The actual browser executable yes has access to your local drive. Not
the JS apps running inside the browser sandbox. if JS had this access it
would result in all kinds of security issues - apps sniffing your file
system etc. In general there is no file system access at all from JS.
You'd have to

> * I can navigate through drives and folders to select a file to upload.

Yes but this is done by the browser (not your app) and once you select
the file the browser even removes all folder related info so once you JS
app gets the info back it just gets the file content and name (and
possibly mime type).

> * I can download a file from a website and save it on my computer, navigating to a folder on whatever drive I like.
Again the browser handles that - you can't do it from JS direct.

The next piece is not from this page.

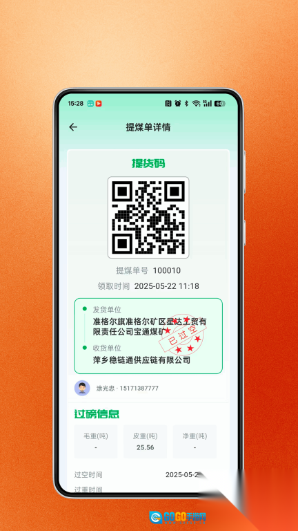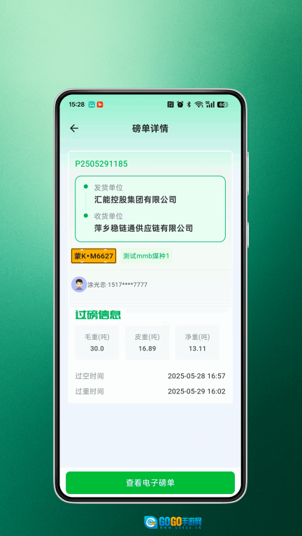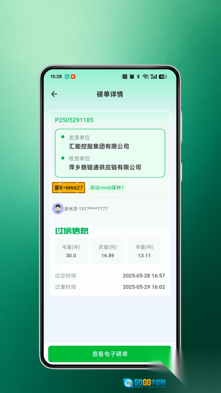 2、在磅单详情页面,您能够随时掌握过磅的相关信息,并且可以查看电子磅单。

> * But I can't just select a folder?

Not at the moment. Main reason is that it's not a common nor useful
feature for the web apps. I do realize it's important to you but in
general JS apps can't do anything with it (even if they knew the folder
there would be no way to read or even list files) and it's of course
platform specific (windows and linux paths are different and on mobile
device this might not even be supported to be being with).

HTML5 is adding a FileSystem API but i believe it's again special
sandboxed version and not full file system.

If you need it today AND your customers run IE AND you can have them
allow scripts to run you could look into Windows Script Host to
accomplish this.

Using something like this :
http://www.zhihua-lai.com/acm/vbscript-browse-for-folder-using-shell-application-object/

and then WSH access would be similar to the way ShellEecute discussion
went here:

http://www.elevatesoft.com/forums?action=view&category=ewb&id=ewb_general&msg=3636&page=1

I have not tried but the other issue will be getting the path back.

Other options are custom browser extension that you could access (but
you'd have to write it and would work with that browser only) or
embedded Flash or Java applet (would need runtimes again for those).

Raul

Tue, Oct 1 2013 9:34 PMPermanent Link

Steve Gill

Avatar

Hi Raul,

Makes sense.  Thanks for the detailed explanation.